AIM OF THE TASK - Look below for the line that contains "한게임 바둑 모바일 앱 스마트폰 설치방법", then copy it and each following line exactly, through and including the line that contains "Кожаные золотые кеды".

TASK INPUTS -
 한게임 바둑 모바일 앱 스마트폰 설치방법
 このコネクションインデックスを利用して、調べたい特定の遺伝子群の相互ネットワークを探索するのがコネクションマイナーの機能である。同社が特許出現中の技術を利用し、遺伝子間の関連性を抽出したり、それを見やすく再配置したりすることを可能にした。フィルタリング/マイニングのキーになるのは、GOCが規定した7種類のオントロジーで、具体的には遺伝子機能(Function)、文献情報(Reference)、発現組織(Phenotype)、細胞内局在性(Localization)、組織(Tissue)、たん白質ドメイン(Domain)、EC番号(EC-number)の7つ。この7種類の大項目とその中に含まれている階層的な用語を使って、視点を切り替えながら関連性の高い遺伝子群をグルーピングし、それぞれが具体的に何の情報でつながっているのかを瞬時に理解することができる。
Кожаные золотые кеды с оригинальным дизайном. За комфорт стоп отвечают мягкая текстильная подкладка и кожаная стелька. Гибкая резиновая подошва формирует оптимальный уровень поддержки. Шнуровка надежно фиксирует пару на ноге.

--

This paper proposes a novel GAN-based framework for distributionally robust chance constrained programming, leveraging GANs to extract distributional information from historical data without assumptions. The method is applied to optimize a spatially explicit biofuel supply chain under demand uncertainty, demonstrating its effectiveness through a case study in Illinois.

ANSWER BOX -
 한게임 바둑 모바일 앱 스마트폰 설치방법
 このコネクションインデックスを利用して、調べたい特定の遺伝子群の相互ネットワークを探索するのがコネクションマイナーの機能である。同社が特許出現中の技術を利用し、遺伝子間の関連性を抽出したり、それを見やすく再配置したりすることを可能にした。フィルタリング/マイニングのキーになるのは、GOCが規定した7種類のオントロジーで、具体的には遺伝子機能(Function)、文献情報(Reference)、発現組織(Phenotype)、細胞内局在性(Localization)、組織(Tissue)、たん白質ドメイン(Domain)、EC番号(EC-number)の7つ。この7種類の大項目とその中に含まれている階層的な用語を使って、視点を切り替えながら関連性の高い遺伝子群をグルーピングし、それぞれが具体的に何の情報でつながっているのかを瞬時に理解することができる。
Кожаные золотые кеды с оригинальным дизайном. За комфорт стоп отвечают мягкая текстильная подкладка и кожаная стелька. Гибкая резиновая подошва формирует оптимальный уровень поддержки. Шнуровка надежно фиксирует пару на ноге.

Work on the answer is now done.